Garg Tube Export and Garg Tube Limited want proceedings in their Court of International Trade case stayed until another lawsuit, also filed by Garg Tube Export, is resolved, the plaintiffs said in an Aug. 5 motion. Since both cases concern the Commerce Department's finding of a particular market situation in India for the sale of welded carbon steel standard pipes and tubes, the similarity of the legal issues prompts a stay order, the plaintiffs said. Garg requested the stay in a case over the 2018-19 administrative review of the antidumping duty order on welded carbon steel standard pipes and tubes from India until the appeal is resolved for its case over the 2017-18 administrative review for the same goods. Doing so would "promote judicial efficiency," the exporter said (Garg Tube Export LLP et al. v. United States, CIT #21-00169).
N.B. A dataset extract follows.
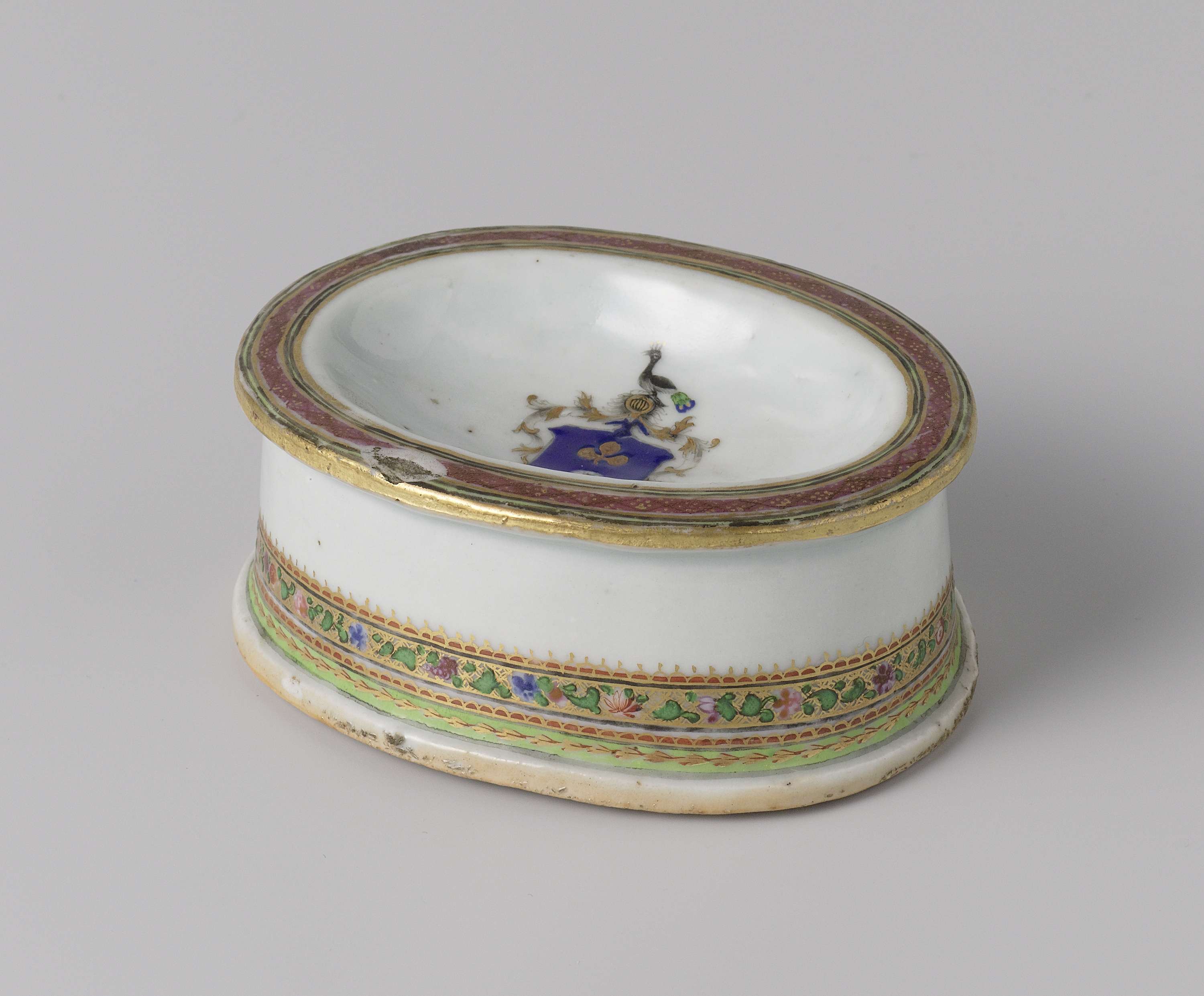 Ovaal zoutvat beschilderd in emails en goud met het wapen van de familie Van Idsinga en smalle decoratieve banden. (Nederlands)

The following lawsuits were recently filed at the Court of International Trade:
The Court of International Trade should dismiss an antidumping and countervailing duty evasion protest brought by All One God Faith, doing business as Dr. Bronner's Magic Soaps, since the court lacks jurisdiction over the entries, the U.S. defense said on Aug. 2 in a partial motion to dismiss. Since Dr. Bronner's xanthan gum entries have already liquidated and the importer failed to make a timely appeal of its protest of the liquidation, the court has no jurisdiction over the entries, the Department of Justice said (All One God Faith, Inc. et al. v. United States, CIT #20-00164).
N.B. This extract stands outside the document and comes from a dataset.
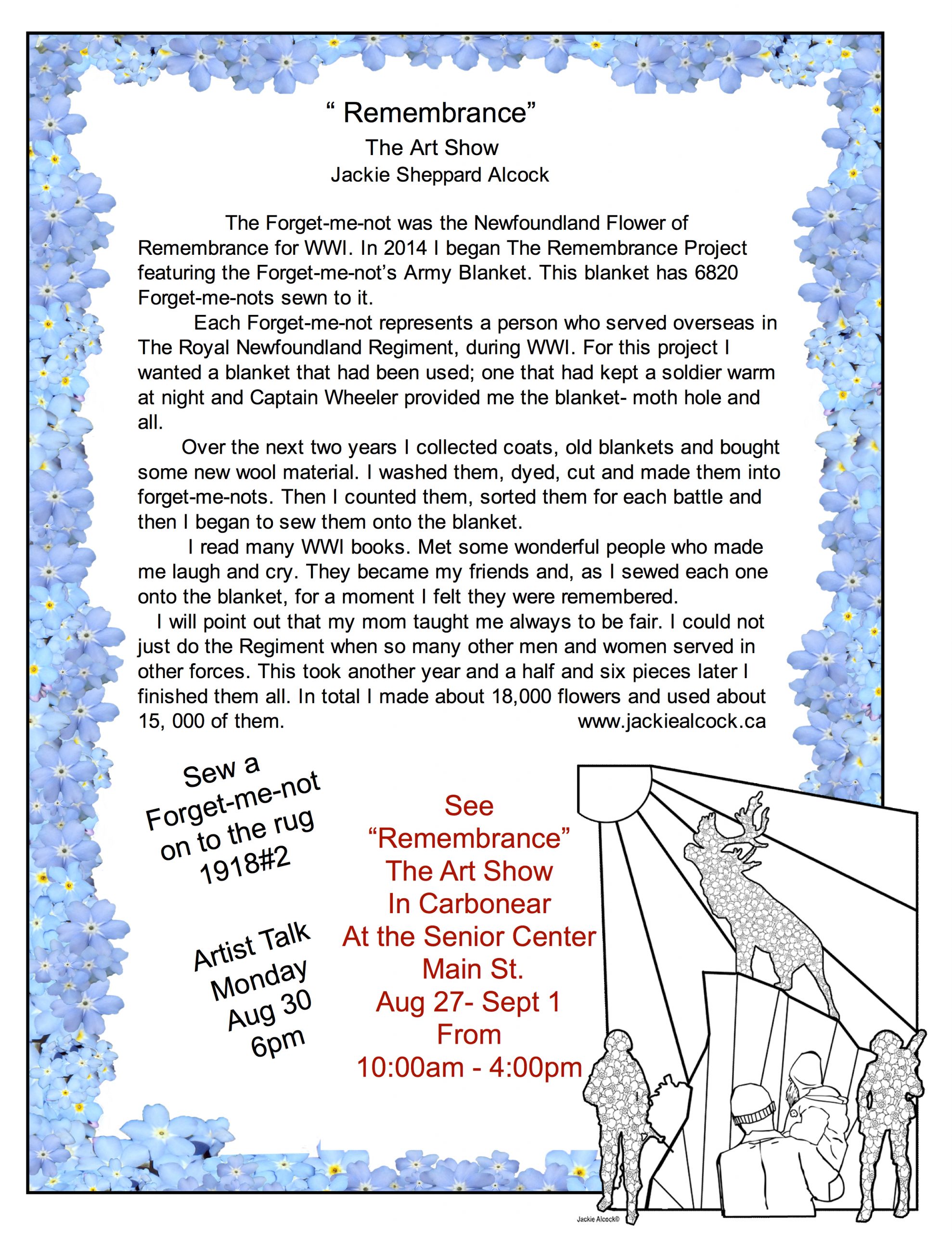 “Remembrance” Exhibit by Jackie Alcock Saturday, August 28 to Monday, August 30th 10 a.m. to 4 p.m. at 163 Water Street August 27, 2021 Stop by 163 Water Street over the next few days to see the artist exhibit “Remembrance” by Jackie Alcock.

The Aug. 9 deadline has arrived for Section 301 plaintiffs and the government to deliver to the Court of International Trade a joint status report on how the sides are progressing to resolve their disagreements over proposed rules to create a CBP repository for importers to request suspended liquidation of customs entries from China with lists 3 and 4A tariff exposure. The court’s July 6 preliminary injunction order freezing the status of unliquidated entries instructed CBP to have the repository up and running by July 20, but two postponements amid all the disagreements have pushed the deadline back by a month. Chief Judge Mark Barnett used the court’s status conference Aug. 2 to urge the sides to seek the “middle ground” (see 2108020029).
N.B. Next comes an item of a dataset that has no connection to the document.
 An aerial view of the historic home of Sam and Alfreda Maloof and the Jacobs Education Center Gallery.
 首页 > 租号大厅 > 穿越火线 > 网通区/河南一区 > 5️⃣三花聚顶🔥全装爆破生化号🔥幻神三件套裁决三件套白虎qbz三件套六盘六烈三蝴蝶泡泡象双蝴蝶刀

Two Court of International Trade cases from Optima Steel International should not be consolidated since they fall under different "jurisdictional provisions and standards of review," the Department of Justice argued in an Aug. 5 brief. While one case challenges CBP's assessment of antidumping duties and thus falls under Section 1581(a), the other goes after the Commerce Department's liquidation instructions and therefore is under Section 1581(i). "In Court No. 21-00062, the question before the Court is whether CBP, in its ministerial role, properly assessed antidumping duties to the entries at issue pursuant to Commerce’s liquidation instructions," DOJ said. "Court No. 21-00327, however, involves the question of whether Commerce’s liquidation instructions were proper based upon the record before Commerce. Thus, the distinct operative facts and legal issues in the two actions weigh against consolidation" (Optima Steel International, LLC v. U.S., CIT #21-00062) (Optima Steel Internaitonal, LLC et al. v. U.S., CIT #21-00327).
The Commerce Department properly selected Mexico over Malaysia as the surrogate nation in an antidumping duty review, the Court of International Trade held in an Aug. 5 opinion. Ruling that Mexico served as a significant producer of identical merchandise and that the selection of the Mexican financial statements was backed by reasonable evidence, Judge Timothy Reif upheld Commerce's determination.